Molnár et al retrospectively collected clinical, immunological, and genetic data from 215 patients with a clinical suspicion of ALPS. They divided patients into 3 clinical groups (definite, suspected, or unlikely ALPS) based on an updated ALPS 2010 diagnostic protocol (updated according to the 2019 working definitions of the European Society for Immunodeficiencies). Consistent with previous reports, the authors observed significantly higher αβ-DNTs in all patients with definite ALPS (median, 3.95%; range, 1.8% to 23.0%), although the positive predictive value of this test remained low by itself. An abnormal in vitro apoptosis assay was highly specific for patients with definite ALPS and was also the only biomarker that showed a significant difference between the definite and suspected ALPS groups. Although this test is not widely available and may be unsuitable for routine clinical use, it continues to be a valuable aid in diagnosis and management of these patients.

Given these challenges, the authors sought to define an optimal biomarker combination of αβ-DNTs, in vitro apoptosis assay, and sFASL level. Although all combinations showed a significant difference between the definitive and unlikely ALPS groups, the authors found that normal αβ-DNTs and a normal in vitro apoptosis assay could essentially rule out ALPS (see table). The caveat is that they were unable to evaluate the sensitivity or specificity of additional biomarkers combinations, such as immunoglobulin G, vitamin B-12, IL-10, and IL-18, because of a very small number of available samples. Additionally, they were unable to define a biomarker combination to differentiate between the definite and suspected ALPS groups.

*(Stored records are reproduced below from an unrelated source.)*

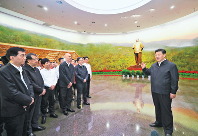 離開來青軒,習(xí)近平來到香山腳下的香山革命紀(jì)念館,參觀了《為新中國(guó)奠基——中共中央在北京香山》主題展覽。新建成的紀(jì)念館莊重大氣,“四梁八柱”的雨棚造型寓意黨中央在香山為新中國(guó)搭建四梁八柱。28根廊柱,象征中國(guó)共產(chǎn)黨從建黨到建立新中國(guó)28年的奮斗歷程。南廣場(chǎng)上矗立著高19.49米的國(guó)旗桿,寓意中華人民共和國(guó)誕生于1949年。主題展覽由“進(jìn)京‘趕考’”、“進(jìn)駐香山”、“繼續(xù)指揮解放全中國(guó)”、“新中國(guó)籌建”、“不忘初心、牢記使命、永遠(yuǎn)奮斗”5個(gè)部分組成,按歷史脈絡(luò),通過800多張圖片、報(bào)照、地圖、表格和1200多件實(shí)物、文獻(xiàn)和檔案,全景式生動(dòng)呈現(xiàn)中共中央在香山期間領(lǐng)導(dǎo)全國(guó)各族人民,完成民族獨(dú)立和人民解放的歷史使命、開啟中國(guó)歷史發(fā)展新紀(jì)元的光輝歷程。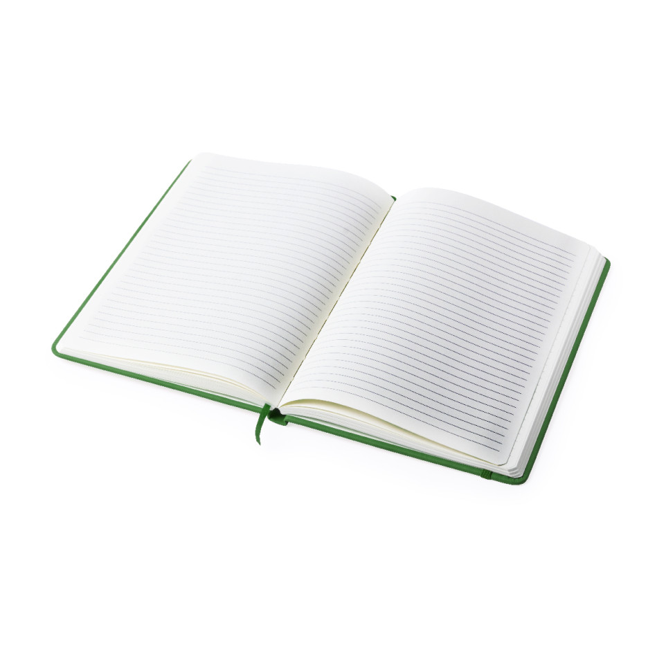 The Nopuk Line A5 green notebook features a PU leather cover, 100 lined sheets, and a secure rubber strap. Its A5 format makes it practical for meetings, notes, or daily planning in any professional or personal context.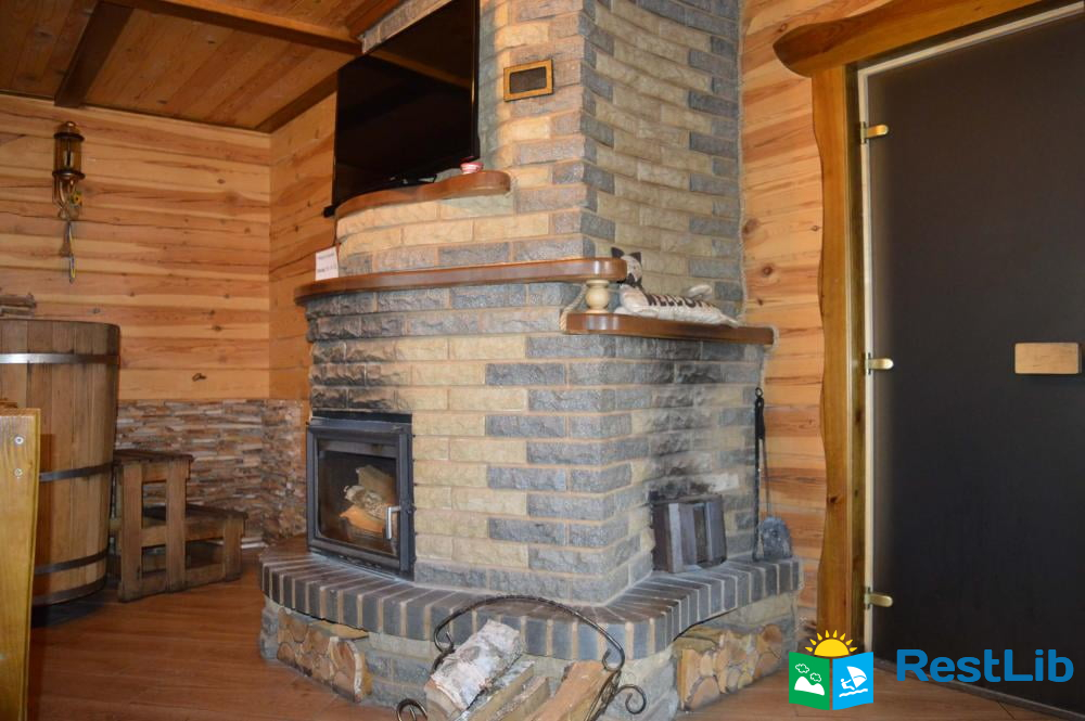 Номер двокімнатний : вітальня з м'яким кутком, каміном, кухня, в одній кімнаті двоспальне ліжко+ диван, в іншій 2 дивани,холодильник, плазмовий телевізор, чайник, санвузол (душ, туалет, умивальник, фен), рушники

The limitations of the study include its retrospective nature, lack of availability of outcome data, inability to correlate specific abnormal biomarkers with clinical presentation, and missing information on treatment received and disease course. The authors were also not able to evaluate the sensitivity or specificity of biomarkers such as vitamin B12 level and others. However, the findings of this study do support the value of the biomarkers defined in revised 2010 diagnostic criteria for ALPS and provide data on additional reliable biomarker combinations that could expedite the diagnosis and treatment of patients with ALPS, without waiting for a genetic diagnosis. This report provides valuable criteria with which to define patients who truly have ALPS and those who do not.